I wrote a story of 200 words, then challenged myself to condense into Drabble format, and again to reduce it to Drickle size (note the rick in Dricklle – I can hear the groans from here – LOL). So I have a Drobble of exactly 200 words, A Drabble of exactly 100 words and, you guessed it, A Drickle of exactly 25 words. Please note that Drobbles and Drickles are figments of my imagination after one or two glasses of Southern comfort, although I guess they could be real now.

It was a much harder exercise than I thought but well worth the effort. Have a go and see how you get on; go on I dare you.

 

The title for all three tales is Conclusion Jump.

 

CONCLUSION JUMP - 200 WORDS DROBBLE

The last rays of the sun were slowly dipping away leaving a rose coloured tint to the sky in their wake. The birds had vanished, the trees silent. Occupants had left their homes unlocked, the doors wide open in their haste to depart. Even the gentle breeze had died away as the village on the hill lay empty, bereft of all life.

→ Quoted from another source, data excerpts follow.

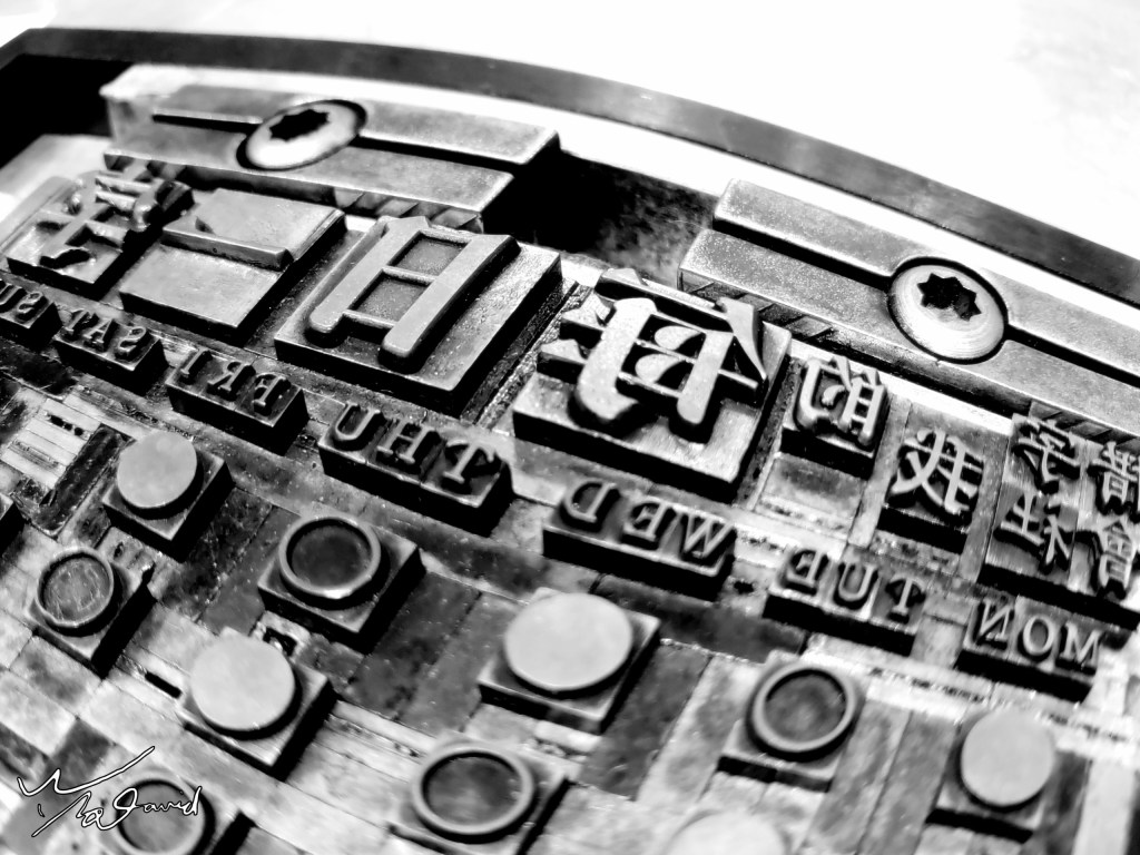 20180918在中山地下街的誠品,看到展示早期凸版印刷的設備,用手機對著鏡射字拍攝,再用魚眼效果修飾,改成黑白色調。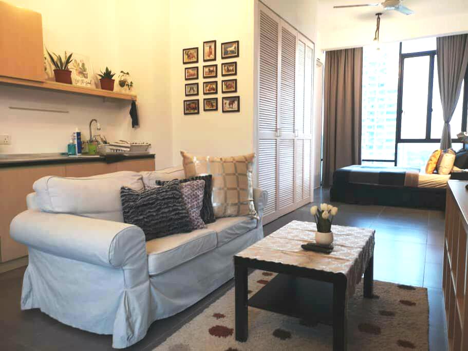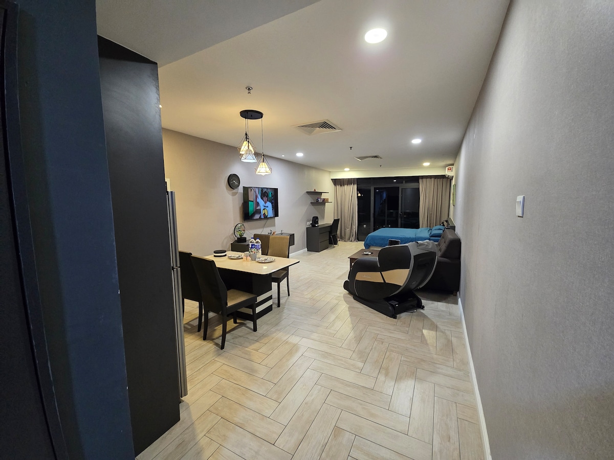 ✨ Brand New Studio at MOSSAZ – Sky Pool, Netflix, Ample Parking & WiFi! ✨ Stay in our brand-new studio condo (344 sq ft) at MOSSAZ! Perfect for couples or small groups. Features: Queen bed + Sofa bed (blanket is not provided for the sofa bed) Compact kitchenette (microwave, no stove) 43" SMART TV with Netflix 100 Mbps WiFi Stunning infinity pool (39th floor) Near One Utama Mall Quiet, cozy, and budget-friendly! No smoking/pets. Quiet hours: 10 PM–9 AM. Book now! 🌟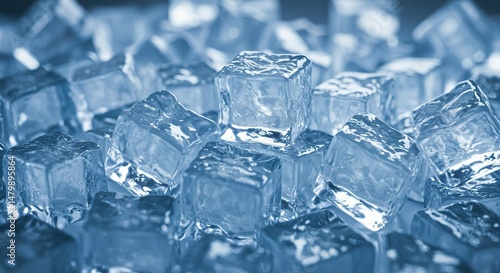 Obraz premium Cool refreshing ice cubes glistening with water droplets in close-up view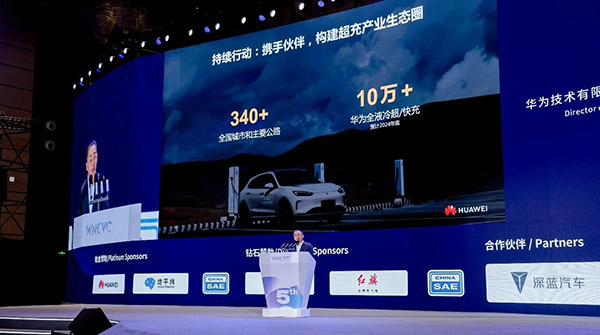 在海口举行的2023世界新能源汽车大会(WNEVC)上,华为数字能源技术有限公司总裁侯金龙发表了“全面高压化,全面超快充,推动新能源汽车与充电基础设施高质量协同发展”主题演讲。
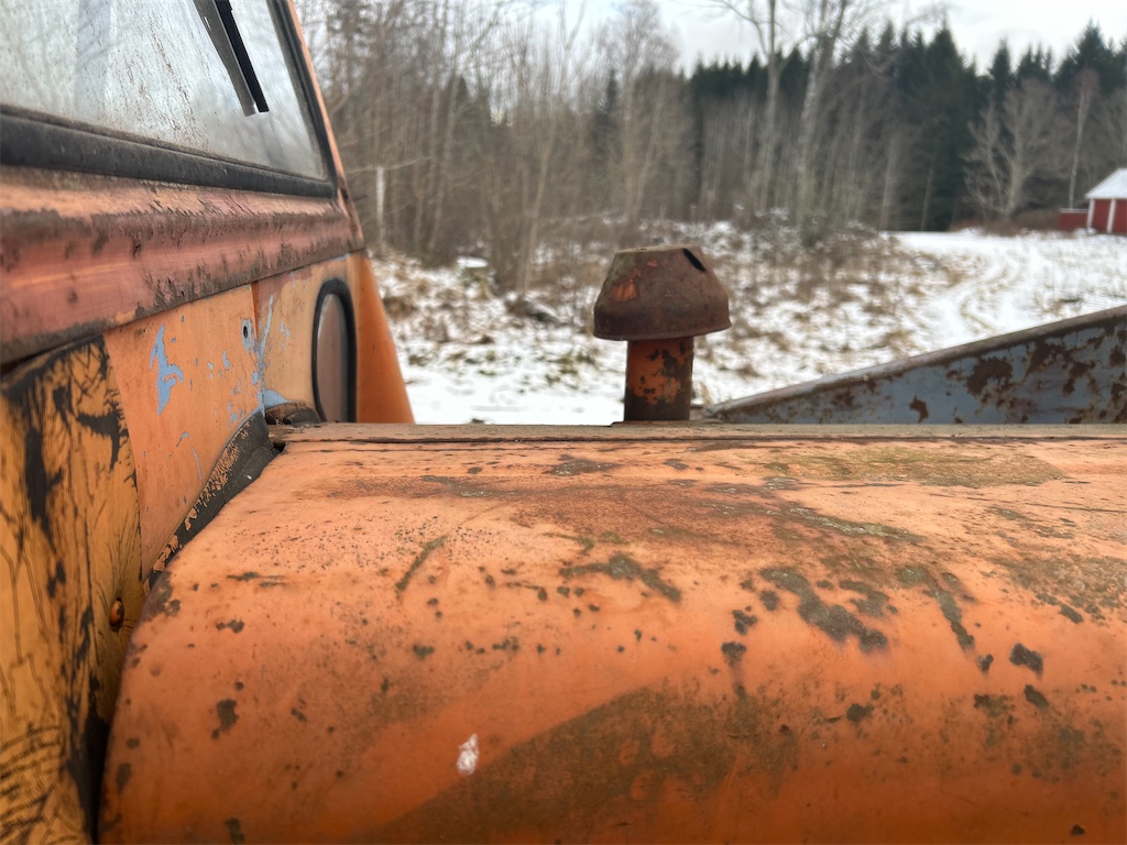 • Rostig, märken finns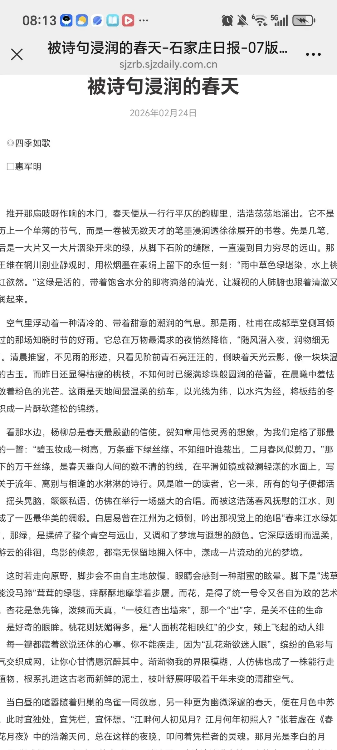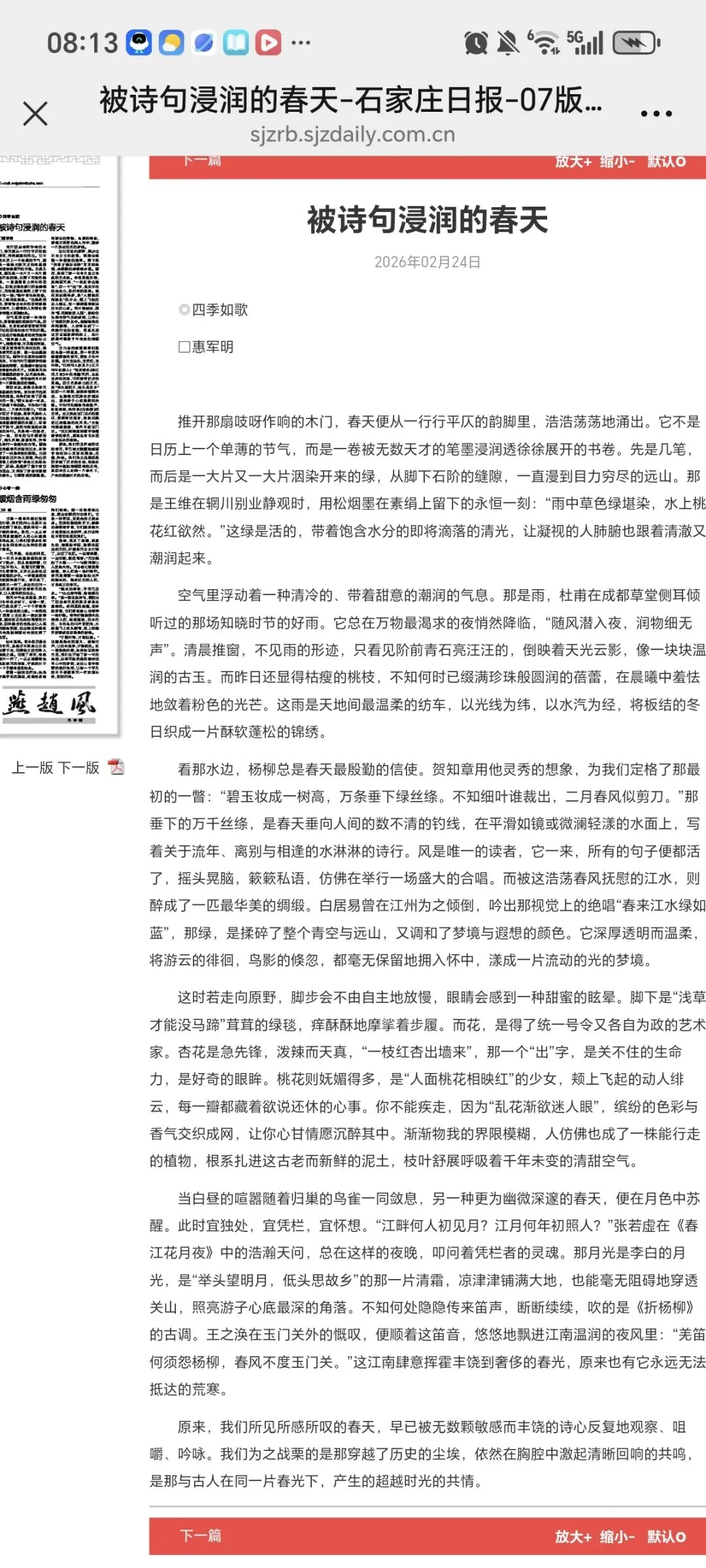>2026第32篇次,今日《石家庄日报》副刊刊发散文一篇!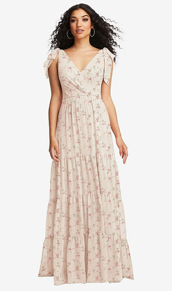 Front View - Coquette Floral Print Bow-Shoulder Faux Wrap Maxi Dress with Tiered Skirt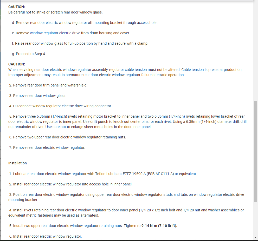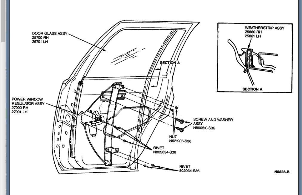 I have a 1995 Mercury grand Marquis G.S. With 175kmiles and 4.6 liter engine. I have the Mercury shop manual for it but it is not clear on how to remove the rear window glass in order to remove the regulator.I have replaced the two front regulators and the glass just slips out easily on those. The rear one is different.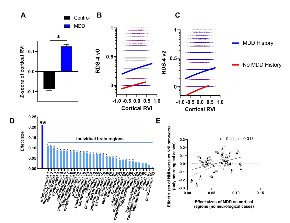 The ENIGMA Major Depressive Disorder (MDD) Working Group conducted meta-analyses on the T1-weighted MRI scans of 2,148 MDD patients and 7,957 healthy controls from 20 sites around the world, analyzing adults and adolescents separately. Adults patients were found to have thinner grey matter in the orbitofrontal cortex, anterior and posterior cingulate, insula, and temporal lobes compared to healthy controls. Adolescent patients had lower surface areas, with effects greatest among recurrent patients. These findings indicate consistent cortical alterations in patients compared to controls and imply that MDD may affect brain structure in different ways depending on age.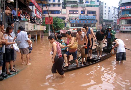 Residents pass through a flooded street on a boat in Qu County, Southwest China's Sichuan Province, July 7, 2007. Floods and landslides triggered by heavy rains have killed at least 26 people and left 17 missing in southwest China's Sichuan Province since Monday night, the local government said on Saturday, Xinhua reported.

The remaining villagers had departed two days ago as fear overcame resolve, for the plague had spread from village to village, and bodies lay strewn over the cobbled streets. Even the priest refused to bury them, much to the angst of his followers.

Several farms had taken in relatives and friends, but wandering families had found little food elsewhere. The piecing screams of children could be heard all around, yet nothing could be done to assuage their hunger or cure their malady.

“I can’t read any more of this utter drivel. What has this to do with modern day farming? Who wrote this?” The man in black directed his anger at the author silently waiting in the far corner.

“I did,” the author said softly.

“It’s rubbish,” the actor retorted.

“Not surprising really. You’re reading the wrong script.”

 

CONCLUSION JUMP - 100 WOODS DRABBLE

The last rays of the sun were slowly dipping away leaving behind a rose coloured tint in the sky. The birds had vanished, the trees silent. Even the gentle breeze had disappeared as the village lay empty, bereft of all life.

The plague had spread far, and many bodies lay strewn on the cobbled streets.

 “What has this to do with modern day farming? Who wrote this utter drivel?” The reader directed his anger at the author in the far corner.

“I did,” the author said softly.

“It’s rubbish,” the actor retorted.

“Not surprising really. You’re reading the wrong script.”

 

CONCLUSION JUMP - 25 WORDS DRICKLE

The village was empty, bereft of life.

The plague had spread, bodies lay everywhere.

“What rubbish,” the actor said.

“Unsurprising. You’re reading the wrong script.”

 

Over to you folks. You might find the exercise helps in pruning back your words.